As of now, the only people who should not get a COVID-19 vaccine because of allergy-related concerns is very narrow. It includes you if:
- You’ve had a severe allergic reaction (anaphylaxis) after a previous dose of an mRNA COVID-19 vaccine or any of its components
- You’ve had an immediate allergic reaction of any severity to a previous dose of an mRNA COVID-19 vaccine or any of its components (including polyethylene glycol [PEG])*
- You’ve had an immediate allergic reaction of any severity to polysorbate (due to potential cross-reactive hypersensitivity with the vaccine ingredient PEG)*
* The CDC says these groups should not receive an mRNA COVID-19 vaccine at this time unless they have been evaluated by an allergist-immunologist and it is determined that the person can safely receive the vaccine (such as under observation, in a setting with advanced medical care available).
This means that people with more common allergies, such as to food, pets, or environmental triggers, can safely get the Moderna COVID-19 vaccine.
Read more here about what to know if you have concerns about having a history of allergies:
- Can You Safely Get a COVID-19 Vaccine If You Have a History of Allergic Reactions?
- Should You Get the COVID-19 Vaccine If You Have a History of Allergic Reactions to Infused or Injectable Medications?
How is the Moderna vaccine given?
The vaccine is injected into the muscle of your upper arm. You will need two doses spaced 28 days apart.
The CDC says that the second dose of the vaccine should be administered as close to these recommended intervals as possible. However, the CDC’s guidance was recently updated to note that the second dose of the Pfizer and Moderna vaccines may be scheduled for administration up to six weeks (42 days) after the first dose if it is not feasible to adhere to the recommended interval.
When will people with autoimmune conditions be able to get the vaccine?
The CDC has been promoting a phased approach to the vaccine rollout, with health care workers and people living and working in long-term care facilities prioritized first, then extending eligibility to older adults and essential workers, and then to people with chronic health conditions. However, it is up to individual states to decide who is eligible to get a vaccine in that state and when.

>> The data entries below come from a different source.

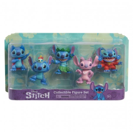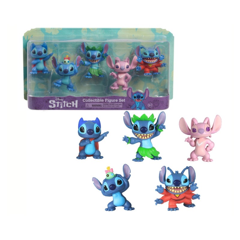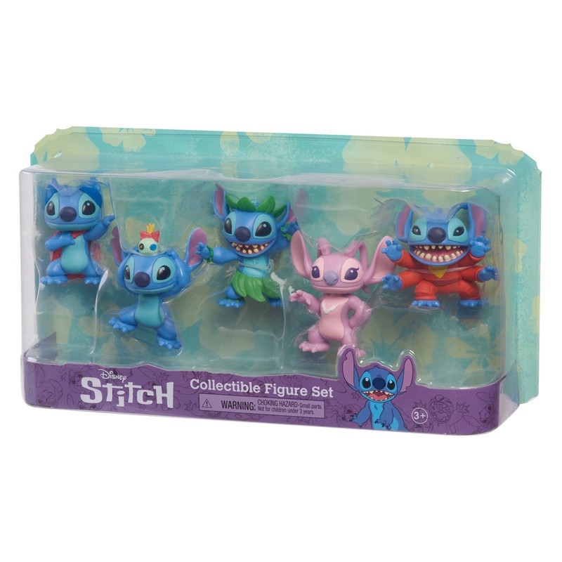 W opakowaniu znaleźć można Stitcha w wersji superbohatera, kosmity, aniołka, tancerza Hula oraz podstawowej ze swoją ulubioną, własnoręcznie wykonaną laleczką Scrump. Wysokość jednej figurki wynosi ok. 6 cm.
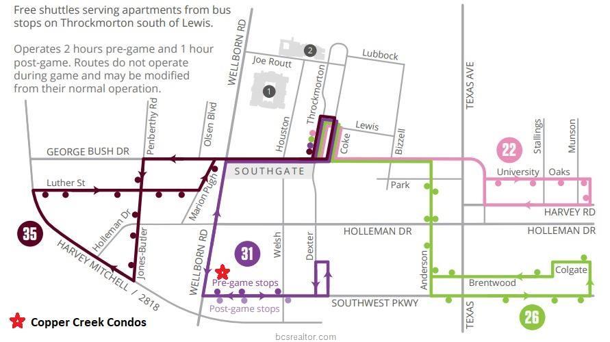 Attention investors, looking for a fully furnished income producing property? Welcome to 301 Southwest Parkway #338Copper Creek Condos, a premier gated community located approximately 2 minutes from Texas A&M University! This spacious 4 bedroom, 4.5 bathroom unit offers the perfect blend of comfort and convenience. Each bedroom features its own private en-suite bathroom and walk-in closet, providing privacy for residents and making it ideal for student living or shared occupancy. The open-concept living area flows into the kitchen, complete with granite countertops, eating bar, and plenty of cabinet space. Enjoy a partially covered private patio for relaxing outdoors. The community includes resort-style amenities such as a pool, hot tub, clubhouse, fitness center, and dedicated shuttle service to campus. Copper Creek is highly sought-after for both investors and parents of students, offering a strong rental history and professional on-site management. Conveniently located near shopping, dining, and major roadways, this would be an excellent long-term investment opportunity.
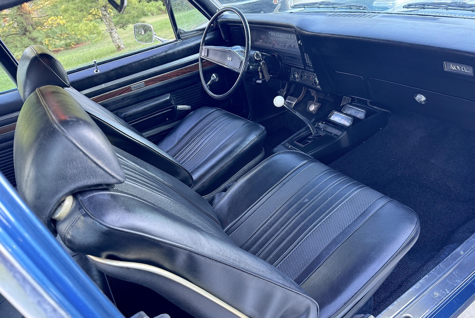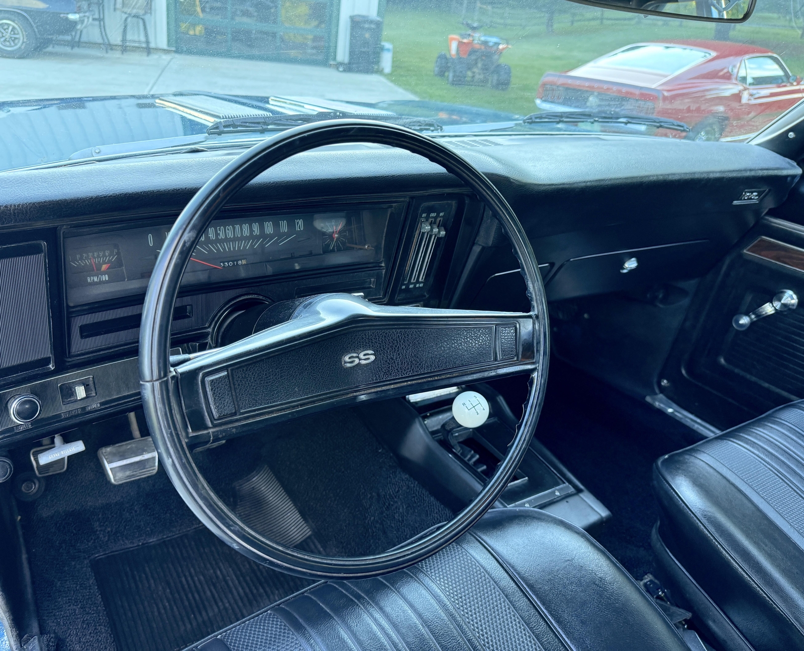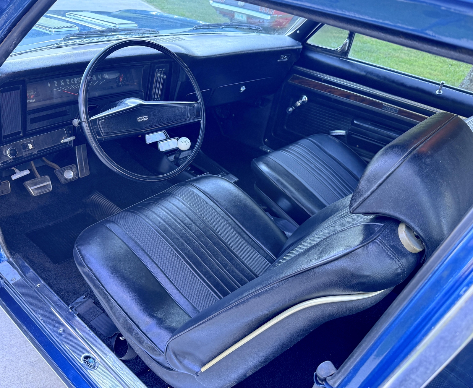 SUPER SHARP AND RARE FULLY DOCUMENTED WITH ORIGINAL SALES INVOICE 1970 NOVA SS L78 396/375HP 4SPD 12 BOLT PDB TACH GAUGES SOLID METAL FACTORY FATHOM BLUE CAR WITH BLACK BUCKETS CONSOLE INTERIOR
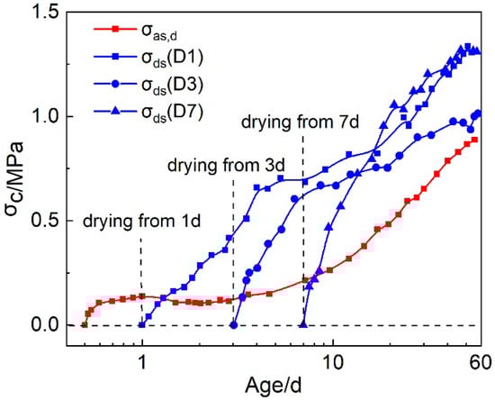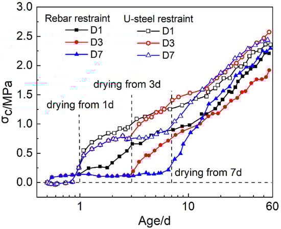 3.2.2. Restrained Stresses under Drying Conditions (D1, D3 and D7)

In some states, people with high-risk medical conditions are currently eligible to receive COVID-19 vaccines. This doesn’t necessarily include autoimmune conditions, but rather focuses on many conditions that are comorbidities for inflammatory and autoimmune patients, including: obesity, diabetes, COPD, heart conditions, chronic kidney disease, cancer, sickle cell disease, and those who have undergone solid organ transplantation.
This article from Verywell Health shows how you can sign up for a COVID-19 vaccine in every state.
In addition, the American College of Rheumatology says in its guidance that people with autoimmune and inflammatory arthritis should be prioritized for vaccination before the non- prioritized general population of similar age and sex.
What We’re Still Learning About the Vaccine
In addition to forthcoming data on people who are immunocompromised, pregnant women, and children ages 12 and up, there are other important things we still don’t know about the vaccine. This includes:
- Does it protect as well against new coronavirus variants?
- Does it protect against asymptomatic cases of COVID-19?
- Does it prevent transmission of COVID-19?
- How long does protection last?
- Is the vaccine less effective (or how much less effective is it) in people taking immunosuppressant medication?
Until this data is available, it’s important to remember that getting vaccinated is not a passport to a pre-COVID life. People who are vaccinated still need to wear face masks and practice social distancing.